In the chamber 401, a stage 410 made of a conductive material for mounting a wafer W as a substrate to be processed is provided. The stage 410 is provided with an electrostatic chuck for adsorbing the wafer and a temperature adjusting mechanism (not shown) for adjusting the temperature of the wafer. A columnar support 411 is provided at the bottom center of the stage 410. The lower portion of the column 411 extends downward through an insertion through hole 412 formed in the center of the bottom portion of the chamber 401.

The column 411 can be raised and lowered by an elevating mechanism (not shown), whereby the stage 410 is raised and lowered. A bellows 413 is provided between the stage 410 and the bottom of the chamber 401 so as to surround the column 411.

The feeding line 414 is connected to the stage 410 and the feeding line 414 extends downward through the inside of the support column 411. [ A bias high frequency power source 415 is connected to the feed line 414 so that a high frequency bias of, for example, 13.56 MHz is applied to the wafer W from the bias high frequency power source 415 through the stage 410 .

Support pins 416 are vertically provided on the bottom of the chamber 401 in the upward direction for example three (two shown), and the support pins 416 are provided in the bottom of the chamber 401, (Not shown). When the stage 410 is lowered, the wafer W is supported at the upper end of the support pin 416, and the wafer W can be conveyed.
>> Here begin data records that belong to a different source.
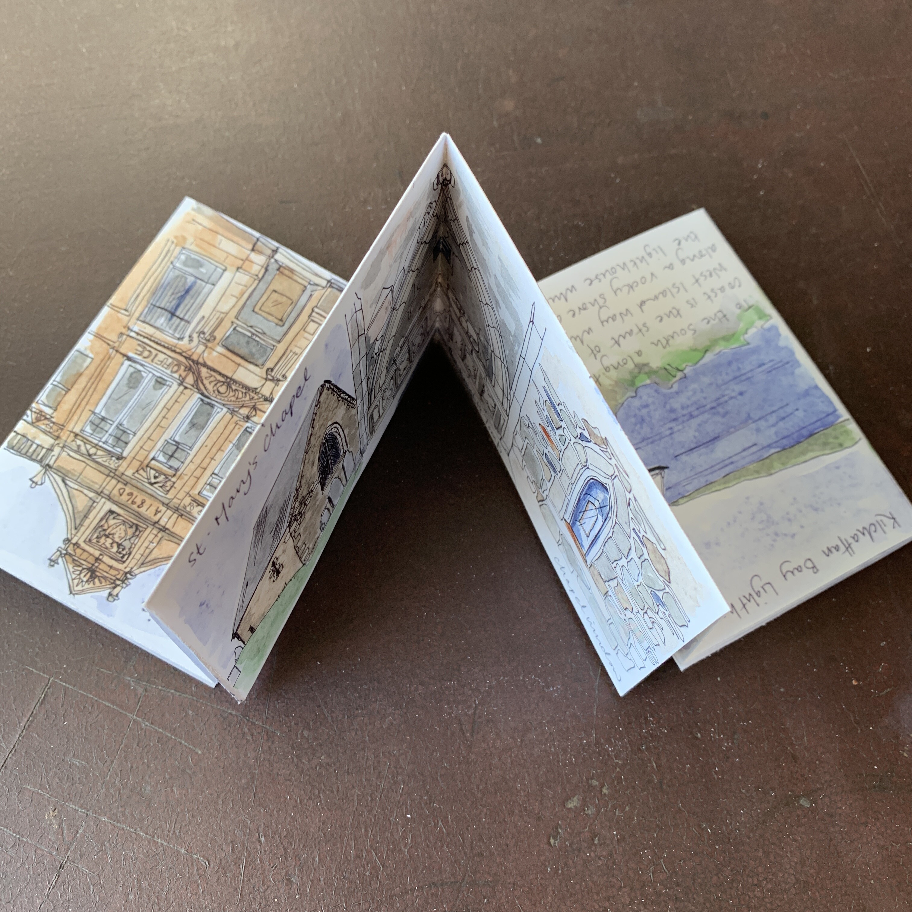 The book features the most iconic buildings and beautiful locations on the island and weighing at only 17g will fit into a standard letter for posting. It opens out to show a full length Mount Stuart House, St. Mary’s Chapel, St. Blanes and Scalpsie Bay.
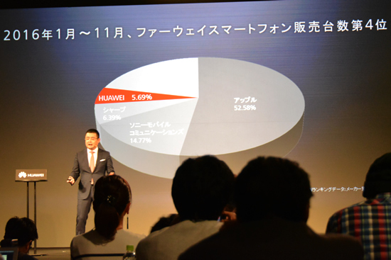 家電量販店の実売データを集計する「BCNランキング」によると、2016年1月~11月の累計で、スマートフォン全体でのファーウェイの販売台数シェアは5.7%。Apple、ソニーモバイルコミュニケーションズ、シャープに続き、4位につける。この上位4社のなかで「SIMフリーをメインにしているのはファーウェイだけ」と呉波プレジデントは強調した。
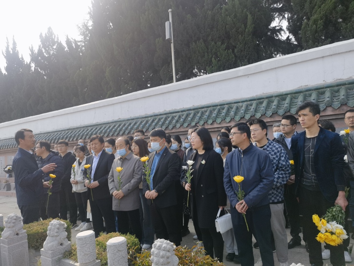 清明时节,追思悠悠;缅怀先贤,再续华章。4月1日上午,在公司党委翟新礼书记的带领下,纳米材料工程研究中心全体领导班子成员、教师及员工代表一行70余人来到开封市烈士陵园,为党鸿辛院士、朱自强先生、黄亚彬教授扫墓,开展忆先贤共传承追思祭扫党日活动。活动由公司党委副书记马文海主持。

A loading / unloading port 417 for loading / unloading the wafer W is formed on the lower side wall of the chamber 401, and the loading / unloading port 417 is opened / closed by the gate valve 418.

A transparent plate 420 made of a dielectric material is hermetically provided on the ceiling of the chamber 401 and a plasma of Ar gas is applied to the processing space P in the chamber 401 on the upper surface side of the transparent plate 420. [ A plasma generating source 421 for generating plasma is provided. The plasma generating source 421 has an induction coil 422 provided along the upper surface of the transmitting plate 420 and a plasma generating high frequency power source 423 connected to the induction coil 422. A high frequency power of, for example, 13.56 MHz is applied to the induction coil 422 from the plasma generating high frequency power source 423 to induce an induction field in the processing space P through the transmitting plate 420.

An upper portion of the chamber 401 is an inclined portion 401a and a target having an annular shape (frusto-conical shape) inclined inward in cross section is provided inside the inclined portion 401a. A DC voltage is applied to the target A direct current power source, and a magnet provided on the outer peripheral side of the target are provided as a PVD device. However, these are not necessary in the case of performing Ar ion sputtering, and therefore, illustration and description thereof are omitted.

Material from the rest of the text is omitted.